What is required:
In the records below, find the line holding "UV test, equivalent"; copy it and every line after it to the end, omitting all images.

Task inputs:
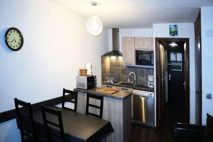 Amidst the vibrant energy of the French Alps, this charming studio apartment offers a cozy retreat with breathtaking views of the slopes. Perfectly situated in the heart of the resort, it invites you to immerse yourself in the alpine lifestyle, with ski lifts and shops conveniently located at the foot of the building. Whether you’re seeking thrilling days on the pistes or tranquil evenings soaking in the mountain atmosphere, this residence is your gateway to unforgettable moments. \n\nDesigned for up to four guests, the studio is both bright and functional, featuring a comfortable living room with a double sofa bed, a well-equipped kitchenette complete with a refrigerator and dishwasher, and a sleeping alcove with two single bunk beds. The bathroom and separate toilet ensure privacy and convenience, while the balcony provides an idyllic spot to admire the snowy slopes and enjoy the crisp mountain air. A ski locker is included, making it easy to store your equipment after a day of adventure. \n\nThe location is unbeatable, with ski lifts just steps away for effortless access to the slopes. Nearby, you’ll find a variety of shops, restaurants, and après-ski options to enhance your stay. In summer, the area transforms into a haven for hikers and nature enthusiasts, offering trails that wind through stunning alpine landscapes. Explore the charm of local villages, savor regional specialties, and discover the beauty of the surrounding mountains. \n\nWhether you’re visiting for winter sports or summer escapes, this studio apartment combines comfort, convenience, and the magic of the Alps, promising a holiday filled with cherished memories.
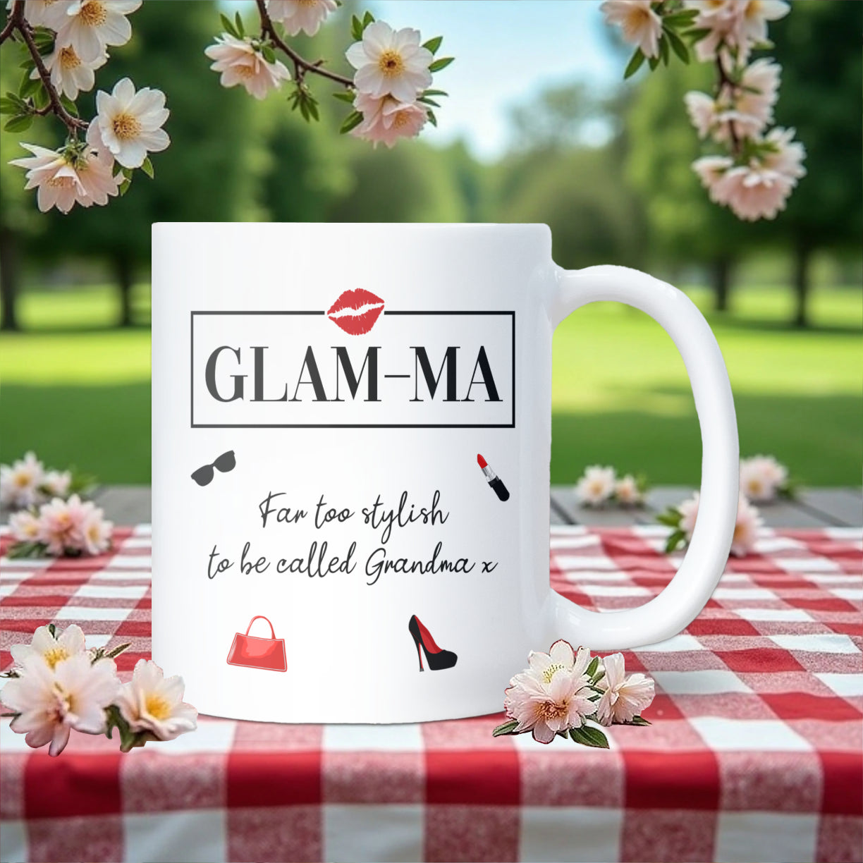 Glam-Ma Not Grandma Mug, Funny Grandma Gift, Grandma to Be Christmas Gift, Fashionable Granny Gift, Birthday Gift for Glam-Ma, Mother’s Day Gift
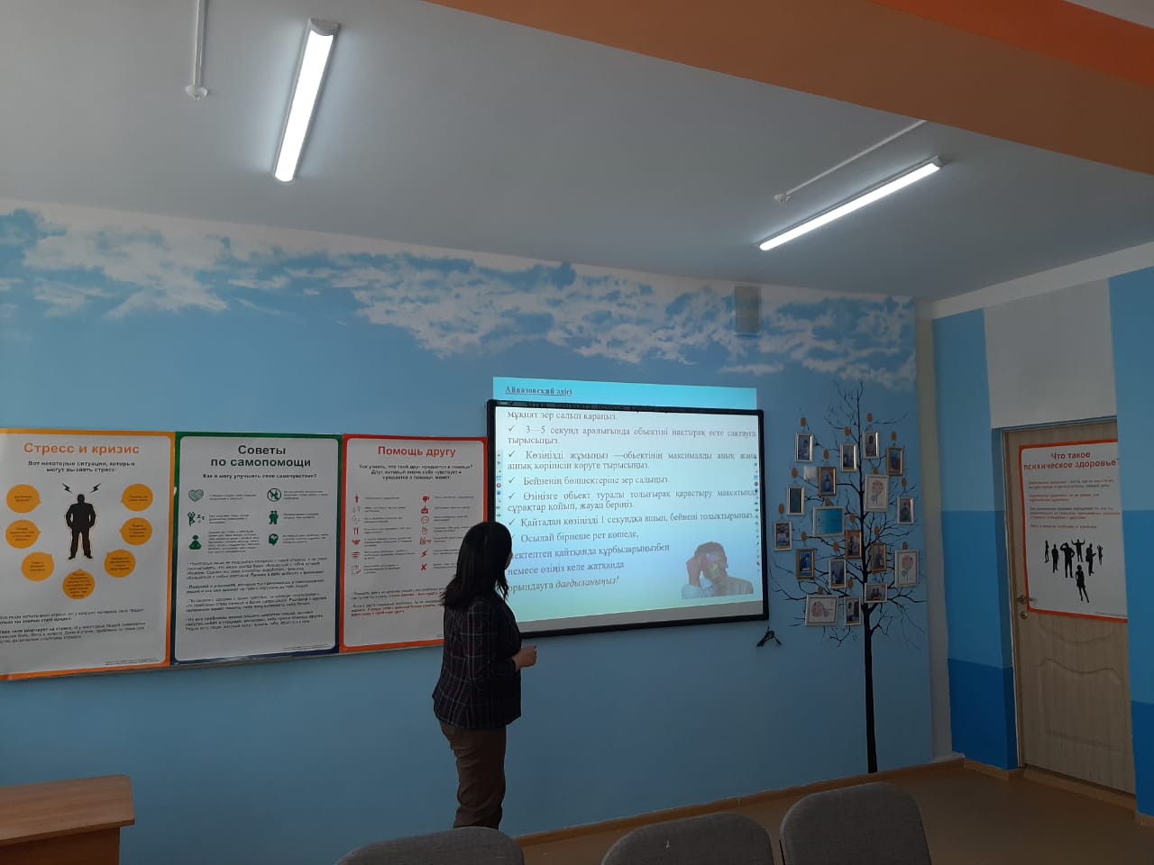Іс-шара мектеп психологымен бірлесіп ұйымдастырылды. Сабақ арт-терапия әдістерін қолдану арқылы өтті. Сабақтың қорытынды кезеңінде психологтың жұмысы туралы пікір алмасылып, оқушыларға психологиялық денсаулықты сақтау бойынша ұсыныстар берілді.
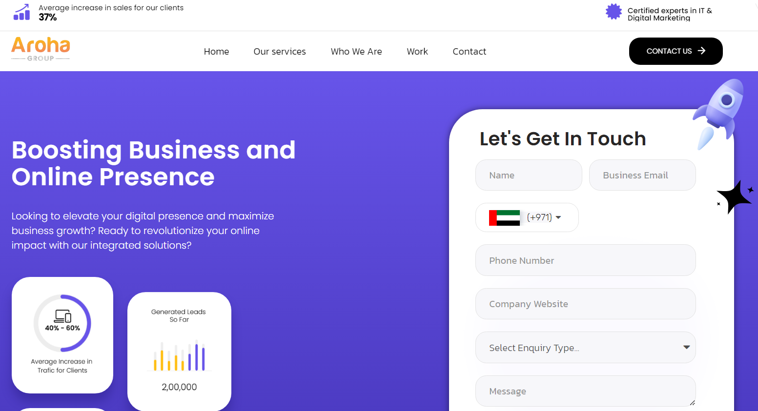 Unlock the potential of your online presence! Fill out the form to claim your free marketing audit. Let’s schedule a call to discuss how Aroha Group can tailor a strategy that propels your business to new heights. Your journey to digital success begins here.
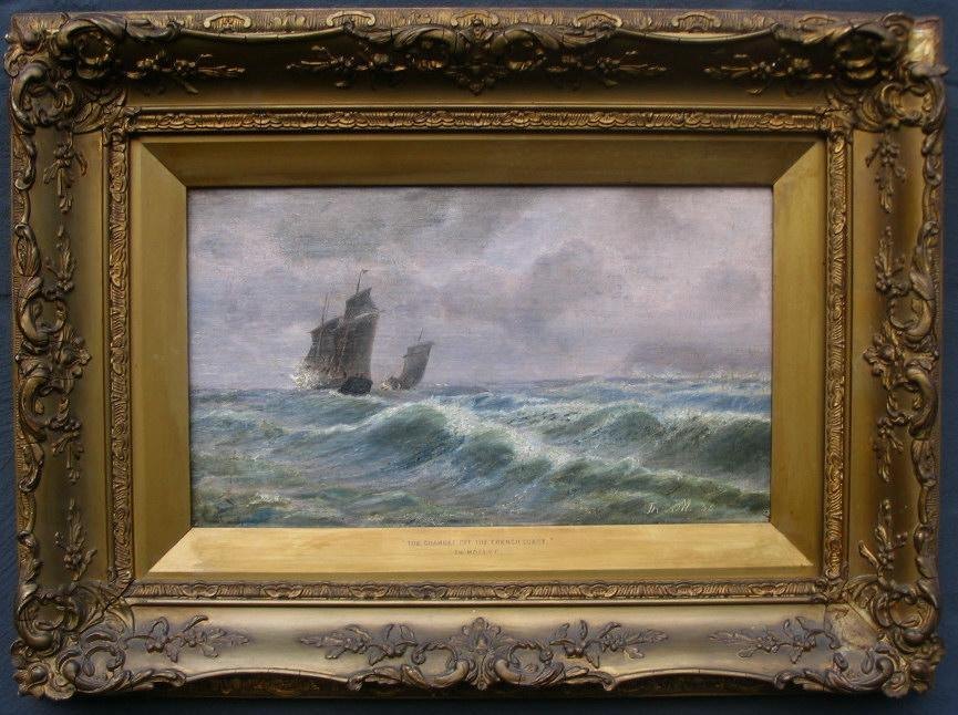 Møller, Thorvald (1842 - 1925) Danmark: The Channel of the French Coast. Olie på lærred/plade. Sign.: Monogram Th. M. 85. 23 x 39 cm.
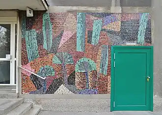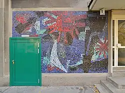 An einer der Wände des Gebäudes befand sich ein großformatiges keramisches Mosaikbild Schutzmantelmadonna aus dem Jahre 1958 von Hedwig Wagner.
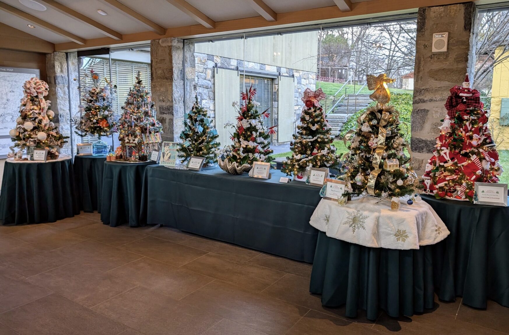 Trees on display for auction at Festival of Tabletop Trees in Greenwich Historical Society’s lobby. Photo courtesy Greenwich Historical Society
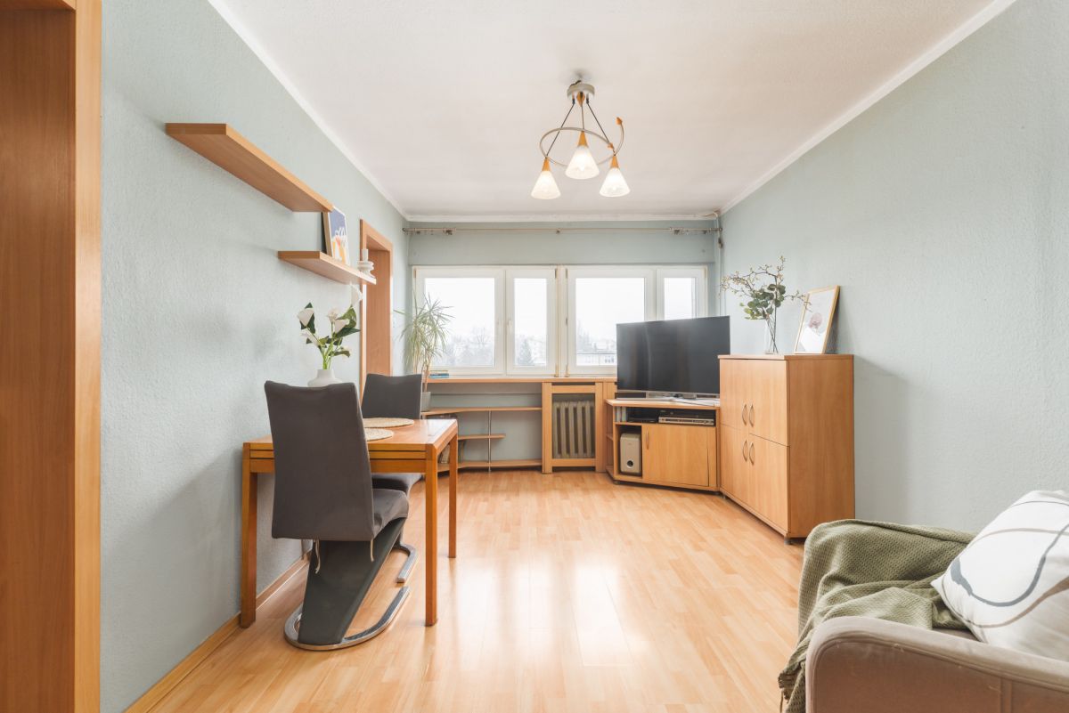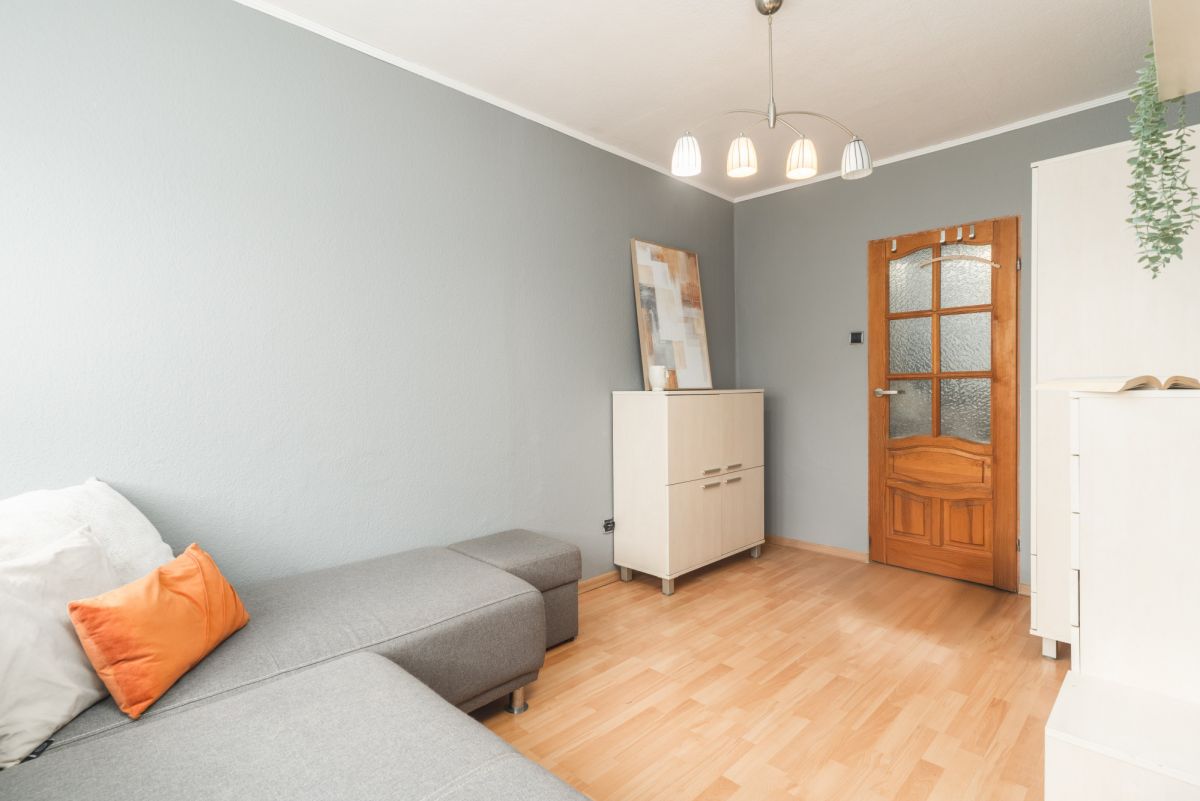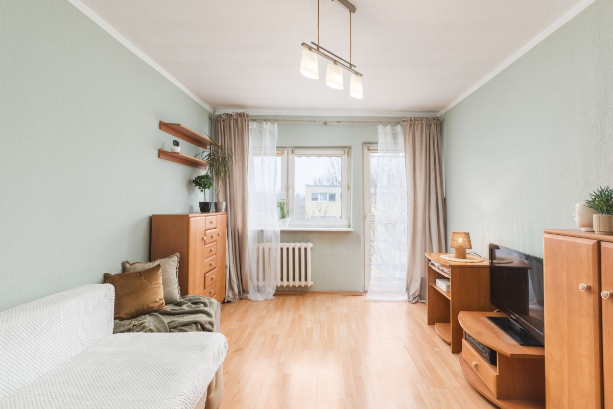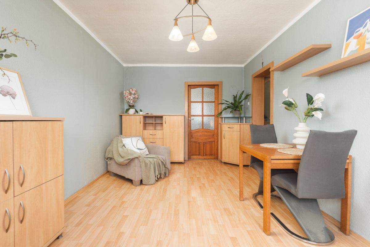 Mieszkanie jest bardzo ciepłe i przytulne. Co prawda wnętrze nosi ślady upływu czasu, świadczy o tym choćby stan podług czy pokryte farbą tapety na ścianach, ale jak najbardziej mieszkanie nadaje się do zamieszkania, a remont można odwlec w czasie.
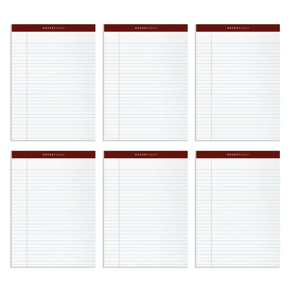 Docket Gold legal pads are a step up from your average legal pad. The thicker, higher-quality paper prevents ink bleed through and is smoother than standard paper. The backer is also twice as thick, making it less bendable and easier to write on when you're away from a desk or table. Docket Gold legal pads are made in America—manufactured in Covington, TN. You'll get 6 letter size legal pads, each with 50 sheets of white paper. Each sheet is perforated, so you can always remove it cleanly and start notes on the next page. These legal pads are wide ruled, also known as legal ruled (11/32" spacing between lines) so you can write a little larger. Each legal pad is 8.5 x 11.75 inches overall, and each sheet tears out to letter size (8.5 x 11 inches). The front of the page and the back of the page are the same. These Docket Gold writing pads are a professional choice for meeting notes, general notes, legal notes, and more. Stock up on a 6 pack of 8.5 x 11 legal pads; each white legal pad has 50 perforated, wide ruled sheets Docket Gold is a premium brand of legal pads; the chipboard back is thicker than your standard legal pad and the paper is a heavier weight to prevent write-though These legal pads are proudly made in the USA; all Docket Gold professional writing pads are manufactured in Tennessee The overall dimension of each pad is 8.5" x 11.75"; each perforated sheet tears off to letter size (8.5" x 11"); pages are wide rule for larger, more legible writing The premium paper and extra-sturdy backer is ideal for a professional environment; from legal notes to meeting notes, these Docket Gold legal pads are above the standard
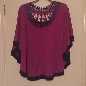 Comfy top 77% Polyester, 20% Rayon and 3% Spandex. Machine wash cold gentle cycle
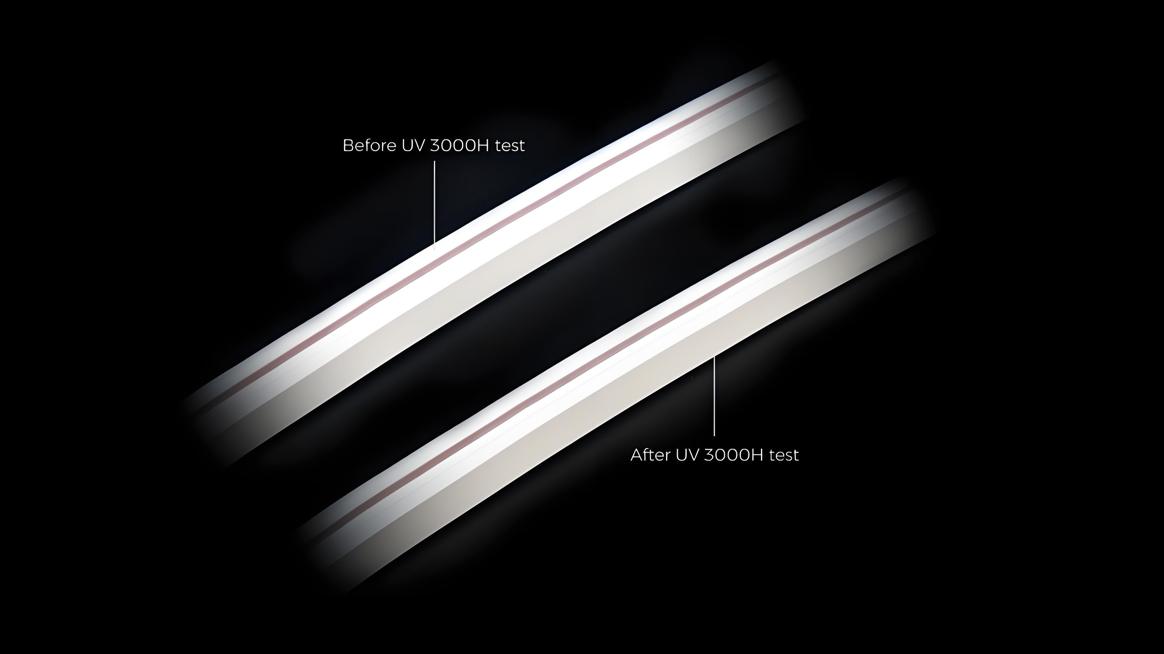 UV test, equivalent to 9 years of outdoor use, almost no yellowing
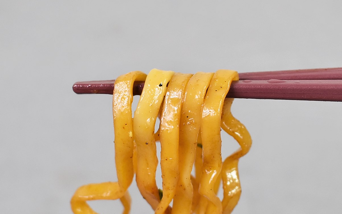 まずは麺からいただいてみたところ、もっちりとした食感にびっくり。やはり従来の麺とは弾力が違い、噛めば噛むほど堪能できる歯ごたえがGOOD。平打ち麺特有の食べごたえもあり、がっつりお腹を満たしてくれます。
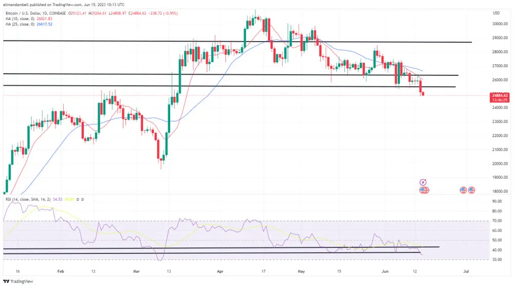 BTC/USD đã giảm xuống mức thấp nhất trong ngày là 24.820,20 USD sau tin tức này, sau mức cao 26.040,66 USD vào thứ Tư (14/6).

Answer section:
 UV test, equivalent to 9 years of outdoor use, almost no yellowing
 まずは麺からいただいてみたところ、もっちりとした食感にびっくり。やはり従来の麺とは弾力が違い、噛めば噛むほど堪能できる歯ごたえがGOOD。平打ち麺特有の食べごたえもあり、がっつりお腹を満たしてくれます。
 BTC/USD đã giảm xuống mức thấp nhất trong ngày là 24.820,20 USD sau tin tức này, sau mức cao 26.040,66 USD vào thứ Tư (14/6).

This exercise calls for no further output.